WHAT YOU HAVE TO DO:
Exactly as they appear, transcribe the entries and skip any pictures.

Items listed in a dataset
--

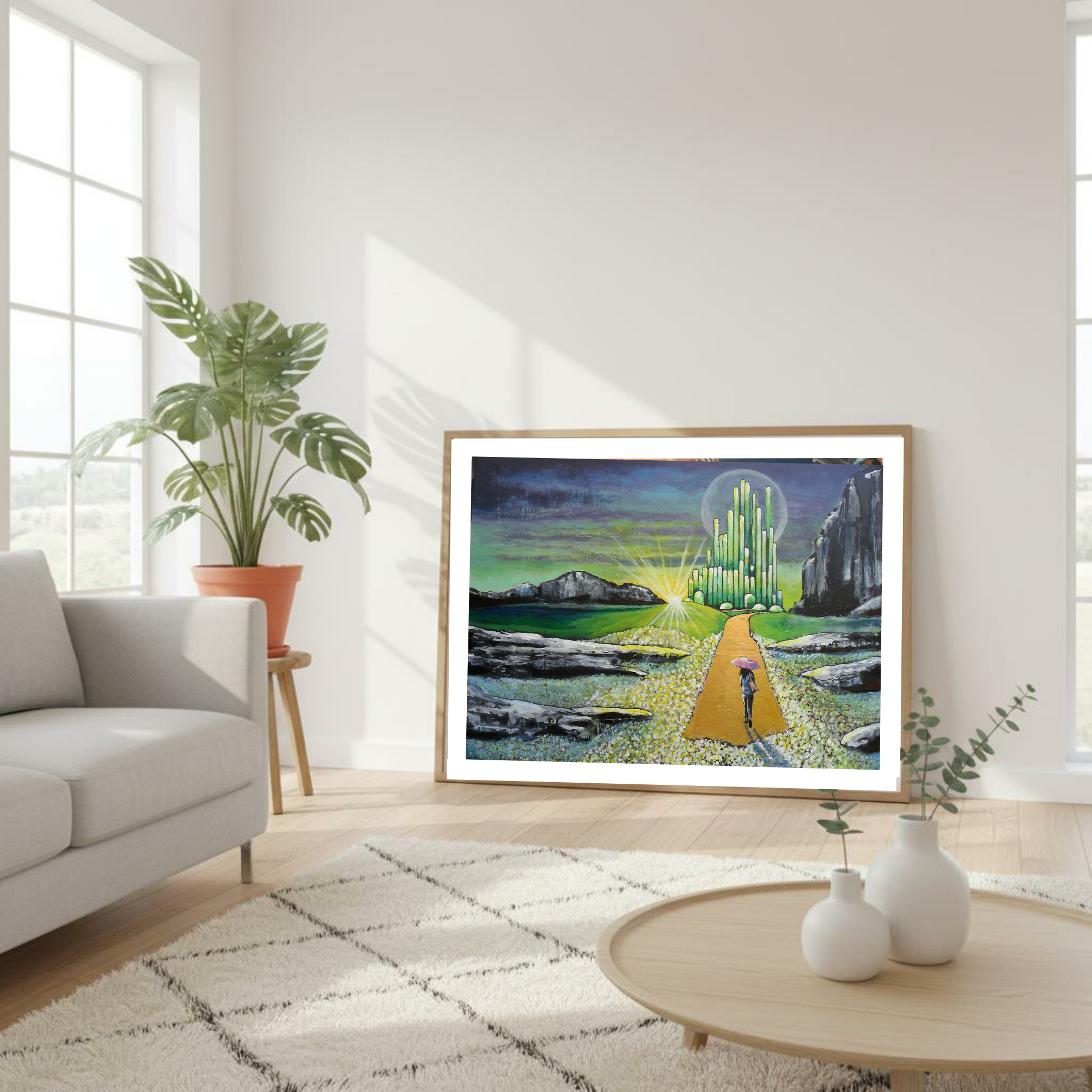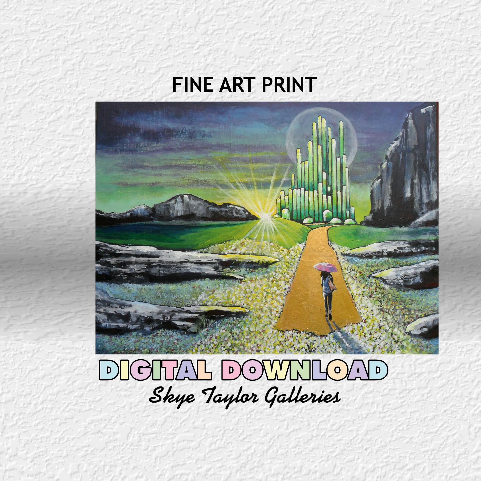 Enjoy The Journey down the golden Yellow brick road with this stunning digital edition of the "Journey to Oz" by Skye Taylor. This iconic limited edition download print is a vibrant and masterfully detailed download from the original painting valued at $2,450.
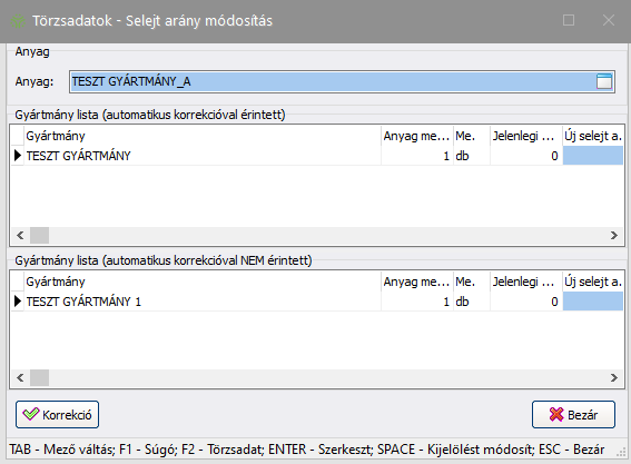 A listákban látható a gyártmány adatlapon jelenleg megadott selejt arány és az anyag adatlapon megadott új selejt arány. A korrekció a jelölt gyártmányok tekintetében megy végbe, a régi selejt arány felülíródik a megadott újra, melynek alapértelmezése az anyag adatlapján megadott arány. Ettől természetesen eltérhet a megadott soron (Új selejt arány oszlopban) duplán kattintva vagy ENTER billentyűt ütve. Mindkét listában lehetséges a korrekció beállítása a sor végén látható jelölők segítségével. A művelet a (Korrekció) gomb segítségével indítható. A korrekció lefutása előtt a program egy új ablakban megerősítést kér.
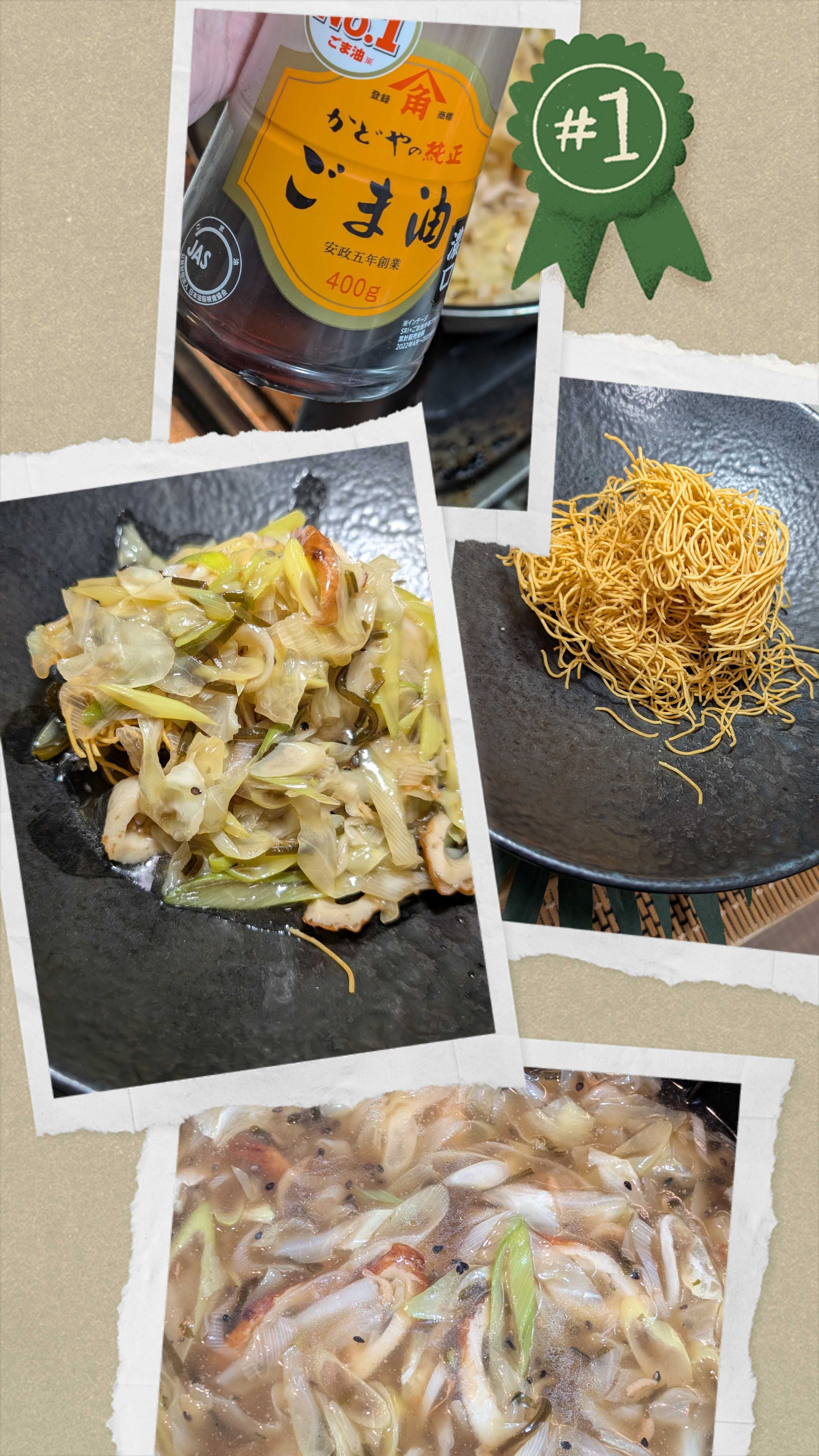 冷蔵庫にネギが、、、キャベツもあったのでかっとして冷蔵庫漁って出てきた子達サッと炒めて野菜投入お水を゙入れて和風だし等で味つけ良い感じに煮込んで水溶き片栗粉でトロミをつけて仕上げはごま油1周市販の皿うどんの麺たっぷり餡をかけて完成です✨
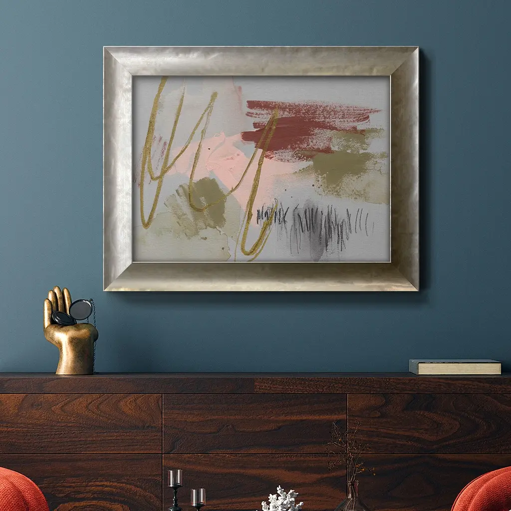 Scribbles & Paint II Premium Framed Canvas- Ready to Hang A Premium Framed Canvas created to last. Framed in distressed wood and available in an array of sizes and colors Featuring a beveled a solid wood stretcher bar, each piece comes ready to hand 3 SIZES AVAILABLE 16''X20'' - Overall Size 18'X27'' - Overall Size 24''x36'' - Overall Size Each piece is made to order. Each piece comes with hanging hardware. Made in the USA Ready to Hang Giclee Paper Print Acrylic Glass Beveled Matt Board
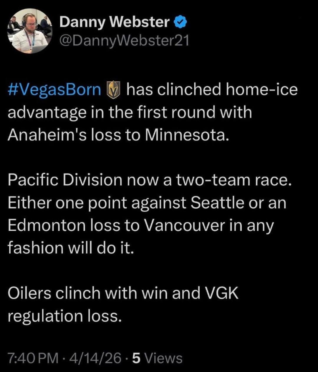 Glace à domicile au premier tour ! — projekt_6 Association de l’OuestGolden Knights de VegasPacific DivisionPacifique DivisionVegas Golden KnightsWestern Conference 7 Comments Phrenicos466 4 jours ago Nice. Be great if our Game 1 was on Sunday. But I *really* hope things work out so that Edmonton and LA play each other for the sixth year in a row. That would be hilarious. fellowENT18 4 jours ago This also means Edmonton is no longer a possible 1st round opponent which was definitely the worst option AntarcticIceCap 4 jours ago I hope we play Anaheim first round but I don’t think that’s very likely. teatew 4 jours ago I mean, I kind of want to play the ducks in the first round. They’re not very good right now… So I guess that means, Go Kings? SRSgoblin 4 jours ago Freaking silly to be in this position as bad as we’ve been for long stretches this year. The Pacific is truly one of the divisions of all time. dal5dal5 4 jours ago Thanks quackers 🦆💛🩶🙏🏻 ItinerantDrifter 4 jours ago Working through it logically, if we win the division we are now guaranteed to play UTA in the first round… because of the following: It’s not possible for ANA to pass UTA bc of the tiebreaker, so they cannot be WC1. And if EDM/LAK pass UTA, they’d also necessarily have to pass ANA… so they wouldn’t be either WC in those scenarios. Write A CommentVous devez vous connecter pour publier un commentaire.
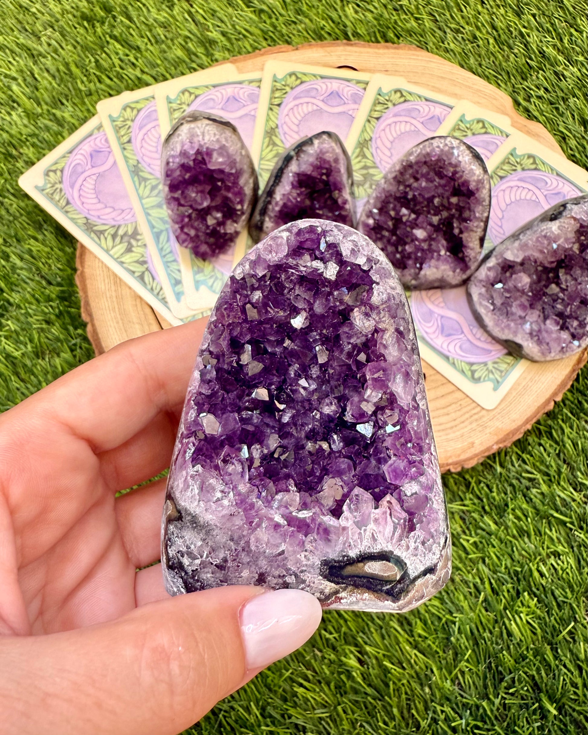 Estas poderosas drusas de amatista se sostienen en pie, convirtiéndose en piezas imponentes y armónicas para decorar tu altar, tu rincón sagrado o cualquier espacio que desees llenar de energía elevada. De buen tamaño y excelente calidad, cada una de ellas brilla con sus cristales bien definidos en tonos lilas y púrpuras profundos.
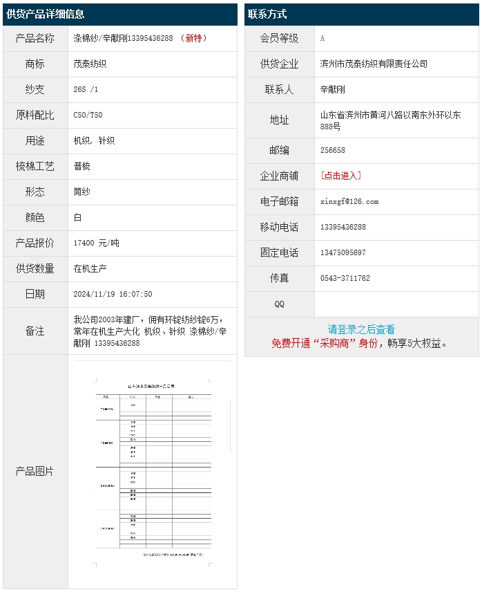 11月19日,濱州茂泰紡織有限責(zé)任公司滌棉紗C50/T50 26S,報價為17400元/噸,實際成交價以協(xié)商為準。[點擊查看詳情]
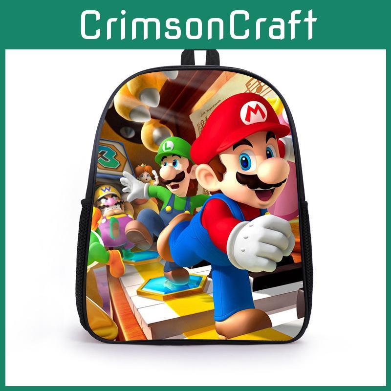 Mario Cartoon Backpack For Elementary Boys With Breathable Lightweight Oxford Fabric
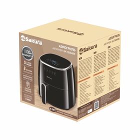 Аэрогриль, 1500 Вт, чаша с антипригарным покрытием 5,0 л, 8 программ приготовления, регулировка температуры от 80 °C до 200 °C, таймер на 60 мин, LED дисплей, сенсорное управление, автоматическое отключение питания при извлечении чаши. Размер устройства в упаковке: 310х310х332 мм. Цвет черный. Длина шнура 120см.
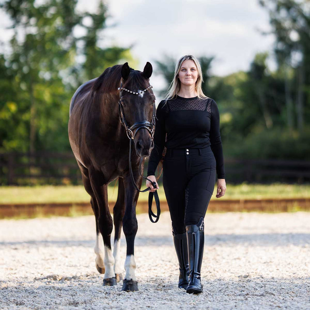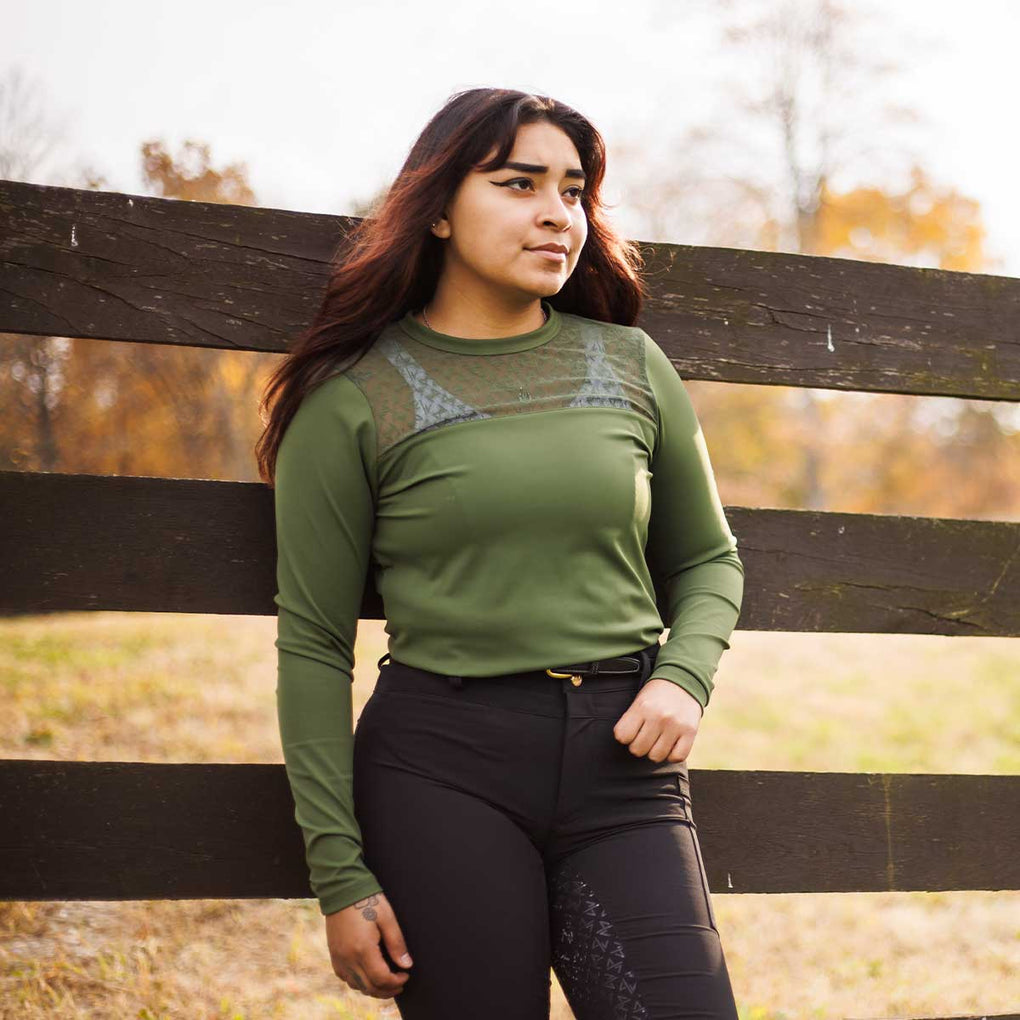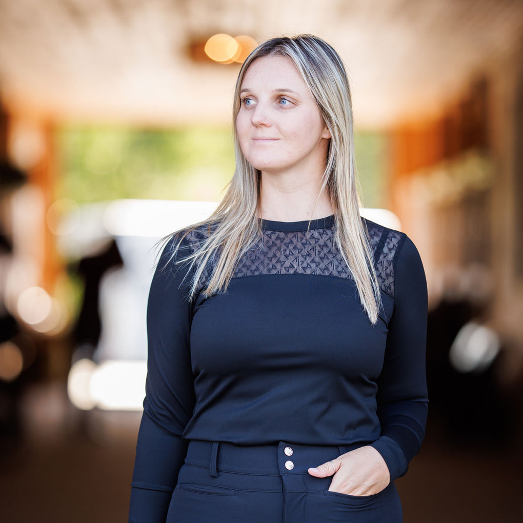 The Macha Sports Danielle Lace Crew Ladies Long Sleeve Top is designed with a flattering crew neckline and Macha's signature lace detail on the yoke for a touch of elegance. Crafted from a high-performance blend that offers stretch and a comfortable sleek fit. This top is the perfect balance of sporty function and feminine style that combines performance fabric with chic detailing whether you're at the barn or out on the town.
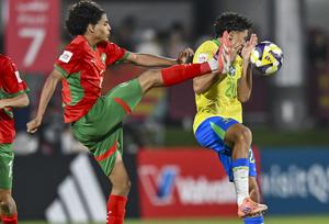 (251122) -- DOHA, 22 noviembre, 2025 (Xinhua) -- Imagen del 21 de noviembre de 2025 de Felipe Morais (d), de Brasil, disputando el balón con Elyes Saidi, de Marruecos, durante el partido de cuartos de final en la Copa Mundial Sub-17 de la FIFA Qatar 2025, en Doha, Qatar. (Xinhua/Nikku) (rtg) (da)

--

RESPONSE BOX:
 Enjoy The Journey down the golden Yellow brick road with this stunning digital edition of the "Journey to Oz" by Skye Taylor. This iconic limited edition download print is a vibrant and masterfully detailed download from the original painting valued at $2,450.
 A listákban látható a gyártmány adatlapon jelenleg megadott selejt arány és az anyag adatlapon megadott új selejt arány. A korrekció a jelölt gyártmányok tekintetében megy végbe, a régi selejt arány felülíródik a megadott újra, melynek alapértelmezése az anyag adatlapján megadott arány. Ettől természetesen eltérhet a megadott soron (Új selejt arány oszlopban) duplán kattintva vagy ENTER billentyűt ütve. Mindkét listában lehetséges a korrekció beállítása a sor végén látható jelölők segítségével. A művelet a (Korrekció) gomb segítségével indítható. A korrekció lefutása előtt a program egy új ablakban megerősítést kér.
 冷蔵庫にネギが、、、キャベツもあったのでかっとして冷蔵庫漁って出てきた子達サッと炒めて野菜投入お水を゙入れて和風だし等で味つけ良い感じに煮込んで水溶き片栗粉でトロミをつけて仕上げはごま油1周市販の皿うどんの麺たっぷり餡をかけて完成です✨
 Scribbles & Paint II Premium Framed Canvas- Ready to Hang A Premium Framed Canvas created to last. Framed in distressed wood and available in an array of sizes and colors Featuring a beveled a solid wood stretcher bar, each piece comes ready to hand 3 SIZES AVAILABLE 16''X20'' - Overall Size 18'X27'' - Overall Size 24''x36'' - Overall Size Each piece is made to order. Each piece comes with hanging hardware. Made in the USA Ready to Hang Giclee Paper Print Acrylic Glass Beveled Matt Board
 Glace à domicile au premier tour ! — projekt_6 Association de l’OuestGolden Knights de VegasPacific DivisionPacifique DivisionVegas Golden KnightsWestern Conference 7 Comments Phrenicos466 4 jours ago Nice. Be great if our Game 1 was on Sunday. But I *really* hope things work out so that Edmonton and LA play each other for the sixth year in a row. That would be hilarious. fellowENT18 4 jours ago This also means Edmonton is no longer a possible 1st round opponent which was definitely the worst option AntarcticIceCap 4 jours ago I hope we play Anaheim first round but I don’t think that’s very likely. teatew 4 jours ago I mean, I kind of want to play the ducks in the first round. They’re not very good right now… So I guess that means, Go Kings? SRSgoblin 4 jours ago Freaking silly to be in this position as bad as we’ve been for long stretches this year. The Pacific is truly one of the divisions of all time. dal5dal5 4 jours ago Thanks quackers 🦆💛🩶🙏🏻 ItinerantDrifter 4 jours ago Working through it logically, if we win the division we are now guaranteed to play UTA in the first round… because of the following: It’s not possible for ANA to pass UTA bc of the tiebreaker, so they cannot be WC1. And if EDM/LAK pass UTA, they’d also necessarily have to pass ANA… so they wouldn’t be either WC in those scenarios. Write A CommentVous devez vous connecter pour publier un commentaire.
 Estas poderosas drusas de amatista se sostienen en pie, convirtiéndose en piezas imponentes y armónicas para decorar tu altar, tu rincón sagrado o cualquier espacio que desees llenar de energía elevada. De buen tamaño y excelente calidad, cada una de ellas brilla con sus cristales bien definidos en tonos lilas y púrpuras profundos.
 11月19日,濱州茂泰紡織有限責(zé)任公司滌棉紗C50/T50 26S,報價為17400元/噸,實際成交價以協(xié)商為準。[點擊查看詳情]
 Mario Cartoon Backpack For Elementary Boys With Breathable Lightweight Oxford Fabric
 Аэрогриль, 1500 Вт, чаша с антипригарным покрытием 5,0 л, 8 программ приготовления, регулировка температуры от 80 °C до 200 °C, таймер на 60 мин, LED дисплей, сенсорное управление, автоматическое отключение питания при извлечении чаши. Размер устройства в упаковке: 310х310х332 мм. Цвет черный. Длина шнура 120см.
 The Macha Sports Danielle Lace Crew Ladies Long Sleeve Top is designed with a flattering crew neckline and Macha's signature lace detail on the yoke for a touch of elegance. Crafted from a high-performance blend that offers stretch and a comfortable sleek fit. This top is the perfect balance of sporty function and feminine style that combines performance fabric with chic detailing whether you're at the barn or out on the town.
 (251122) -- DOHA, 22 noviembre, 2025 (Xinhua) -- Imagen del 21 de noviembre de 2025 de Felipe Morais (d), de Brasil, disputando el balón con Elyes Saidi, de Marruecos, durante el partido de cuartos de final en la Copa Mundial Sub-17 de la FIFA Qatar 2025, en Doha, Qatar. (Xinhua/Nikku) (rtg) (da)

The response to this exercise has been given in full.